2.2 The Theoretical Basis

Consider a random variable \(X \in {\mathcal{R}}^{p}\) with a probability distribution function (pdf) denoted \(f\). For technical reasons that can easily be relaxed, we assume that \(f\) is non-constant on all non-empty subsets of \({\mathcal{R}}^{p} .\) For all \(\lambda \ge 0,\) we consider the level set of all x such that f(x) is greater than \(\lambda\):

$$A_{\lambda } = \left\{ {x \in {\mathcal{R}}^{p} , f\left( x \right) \ge \lambda } \right\}$$

Notice that the sequence of sets \(\left( {A_{\lambda } } \right)_{ \lambda \ge 0 }\) is decreasing for the inclusion. In other terms, for all \(0 \le \lambda_{1} \le \lambda_{2}\), \(A_{{\lambda_{2} }} \subseteq A_{{\lambda_{1} }}\).

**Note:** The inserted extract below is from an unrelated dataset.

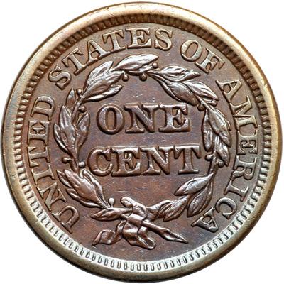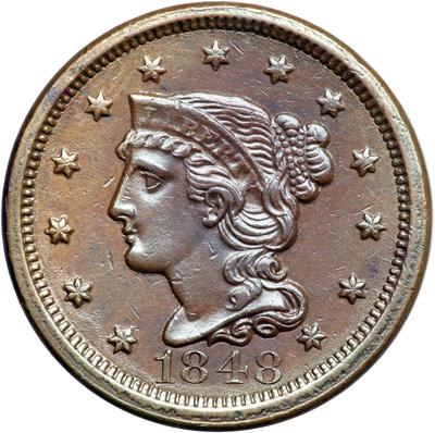 1848 N-30 R5. VF-35. Sharpness EF45 but lightly cleaned and nicely retoned glossy light chocolate brown. No spots or stains, just a few light contact marks. These include a vertical nick off the chin, a smaller diagonal nick in the field before the eye, and a dull nick on the rim at star 5. Very nice for the grade in spite of the retoning, perhaps closer to net EF40. Very rare EDS, die state a (Reiver's N-43), with fine die lines at stars 10-12 and AME. Tied for CC#5.

Let us now consider the function

$$F\left( \lambda \right) = 1 - \int {f\left( x \right)1_{{A_{\lambda } }} \left( x \right){\text{d}}x} = \int {f\left( x \right)1_{{A_{\lambda }^{c} }} \left( x \right){\text{d}}x}$$

where \(A_{\lambda }^{c} = \left\{ {x \in {\mathcal{R}}^{p} , f\left( x \right) < \lambda } \right\}\) and \(1_{{A_{\lambda }^{c} }} \left( x \right) = 1\) when \(x \in A_{\lambda }^{c}\) and \(1_{{A_{\lambda }^{c} }} \left( x \right) = 0\) otherwise.

Using these sets, we can see that for all \(\lambda \ge 0,\)

$$1 - F\left( \lambda \right) = P\left( {X \in A_{\lambda } } \right) = P\left( {f\left( X \right) \ge \lambda } \right)$$
(2)

The sets \(A_{\lambda }\) are, therefore, the prediction regions of the random vector \(X.\) By their very construction, they are even the smallest (with respect to their volume) prediction regions of \(X\) that can be built. This idea for constructing small prediction regions has already been proposed for multidimensional discrete random variables [13].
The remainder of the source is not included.